- **About this exercise**: The expected output is an exact copy of the lines from the one containing "ご利用者お一人お一人専用の塗り絵の本。毎回楽しみです!(^^)!" through the final line of the entries below, with no images.

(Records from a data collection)
Content starts

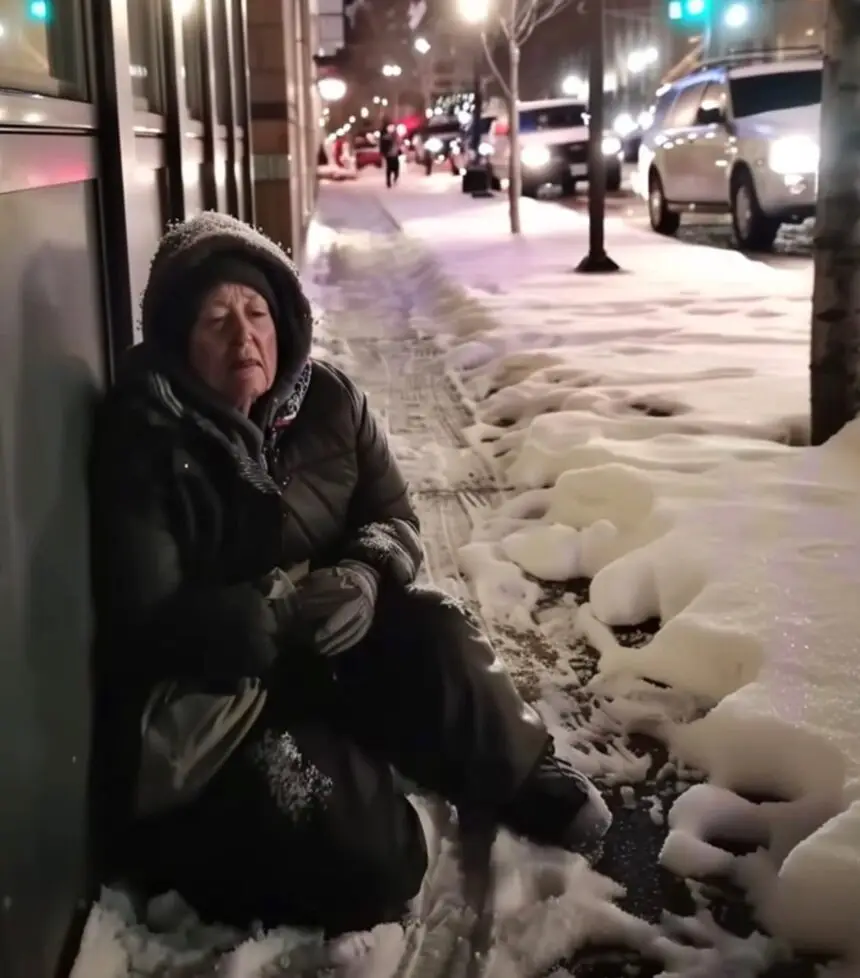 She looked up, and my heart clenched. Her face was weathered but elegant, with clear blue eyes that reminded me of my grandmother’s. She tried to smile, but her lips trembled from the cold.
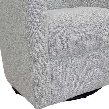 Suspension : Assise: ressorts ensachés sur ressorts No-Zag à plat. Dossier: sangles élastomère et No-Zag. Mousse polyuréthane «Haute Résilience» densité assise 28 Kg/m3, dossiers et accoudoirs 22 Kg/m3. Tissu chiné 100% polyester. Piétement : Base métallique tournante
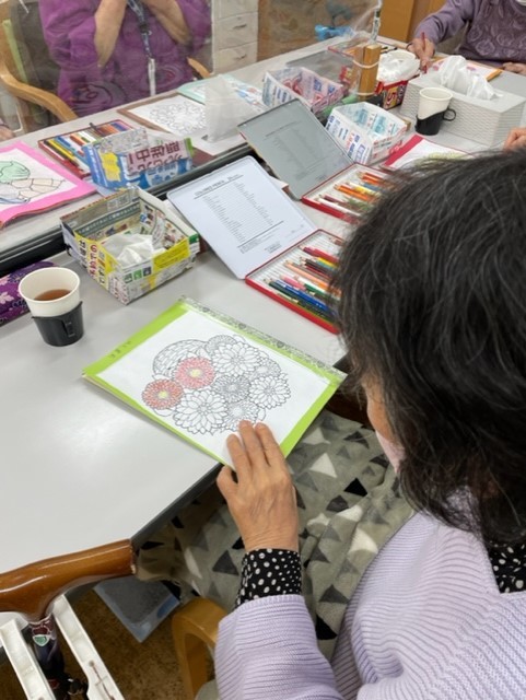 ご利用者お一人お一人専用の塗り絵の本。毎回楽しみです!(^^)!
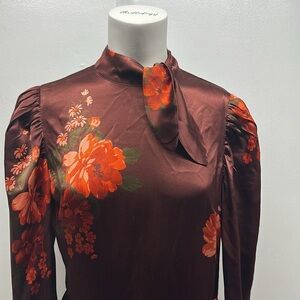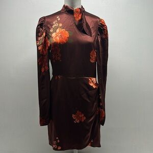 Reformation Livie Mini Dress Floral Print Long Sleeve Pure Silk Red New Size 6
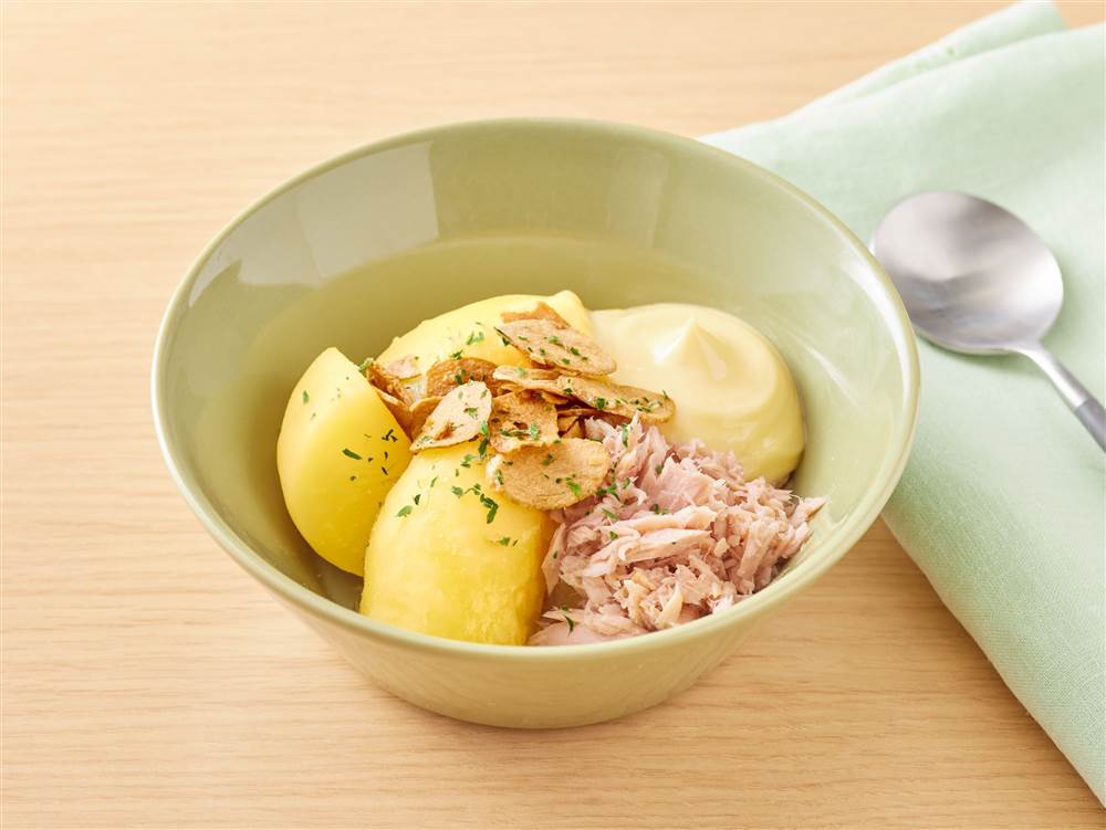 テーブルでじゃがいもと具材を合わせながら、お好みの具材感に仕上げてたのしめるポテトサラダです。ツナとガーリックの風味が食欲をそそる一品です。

Content ends

- **Task response**:
 ご利用者お一人お一人専用の塗り絵の本。毎回楽しみです!(^^)!
 Reformation Livie Mini Dress Floral Print Long Sleeve Pure Silk Red New Size 6
 テーブルでじゃがいもと具材を合わせながら、お好みの具材感に仕上げてたのしめるポテトサラダです。ツナとガーリックの風味が食欲をそそる一品です。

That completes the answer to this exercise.